Regulations for Qualified Institutional Placement

Though less stringent than IPOs, QIPs are still subject to regulations by the Securities and Exchange Board of India (SEBI). SEBI ensures companies meet specific financial criteria and provides investor protection guidelines. Here is a quick summary of the regulations:

  • Only listed companies can come to QIP
  • Only QIBs can participate in QIP
  • The issuing company needs to prepare a placement document that has all the details related to the issue - size, type of security, issue price, purpose, financial performance, risks, etc.
  • The placement document is only circulated among qualified institutional buyers.

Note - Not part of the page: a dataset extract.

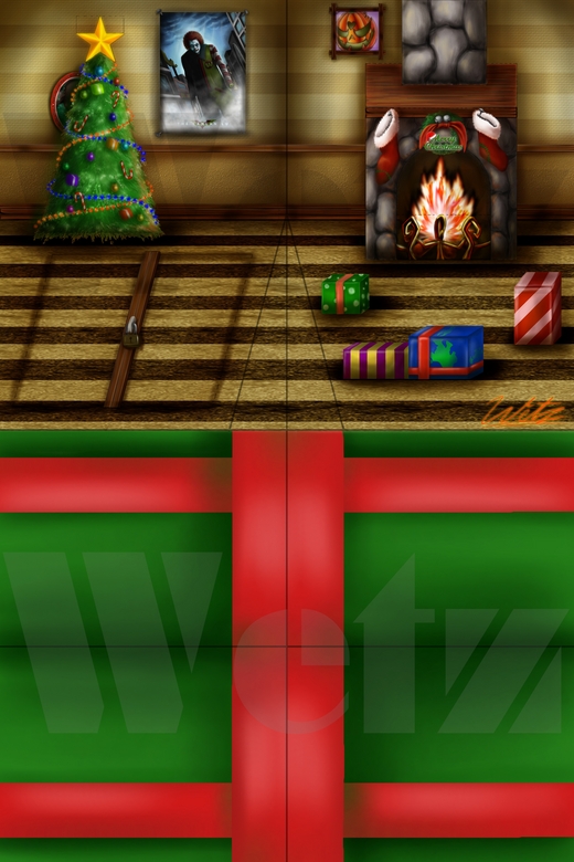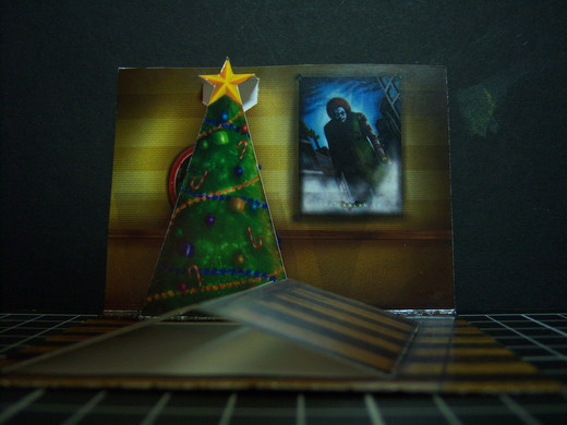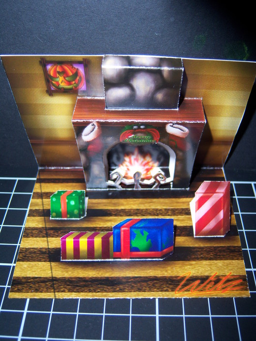 大家應該有發現到,內頁地板裡各有個斜線,那是做什麼用的呢?如果您沒把他做成二張,而是合起來做成一張卡片的話,那二條線就有用啦,中間的線把他折成凹的,旁邊的斜線折成凸的,把多出來的部分向左或向右折,這就是個聖誕節房間的場景圖啦~

Public disclosure through advertisements is not permitted.
  • Investors may be subject to a lock-in period where they cannot sell the allotted securities for a specified time. It helps to ensure long-term investment by QIBs.

How is QIP different from QIB?

By now, you would have already figured out that the two are different. However, we would still like to sum up the difference so it is clearer to you.

 

QIP

QIB

Definition

A capital-raising tool used by listed companies to sell shares to qualified institutional buyers

Investors who are deemed financially sophisticated and are legally recognized as such

Purpose

To raise capital quickly without undergoing elaborate regulatory processes

To invest in a variety of securities, including those not available to the general public

Regulatory Framework

Governed by SEBI (Securities and Exchange Board of India) regulations

Defined under SEBI regulations to include entities like mutual funds, insurance companies, etc.

Conclusion

QIP offers a valuable mechanism for companies to raise capital, but it's not without limitations. Companies should carefully weigh the advantages and disadvantages, considering factors like market conditions and the potential impact on existing shareholders before opting for a QIP offering. Retail investors should keep themselves educated on the QIP process and track if companies they are invested in are coming with QIP. At what prices - is it lower than market price? We already covered what happens in such a case!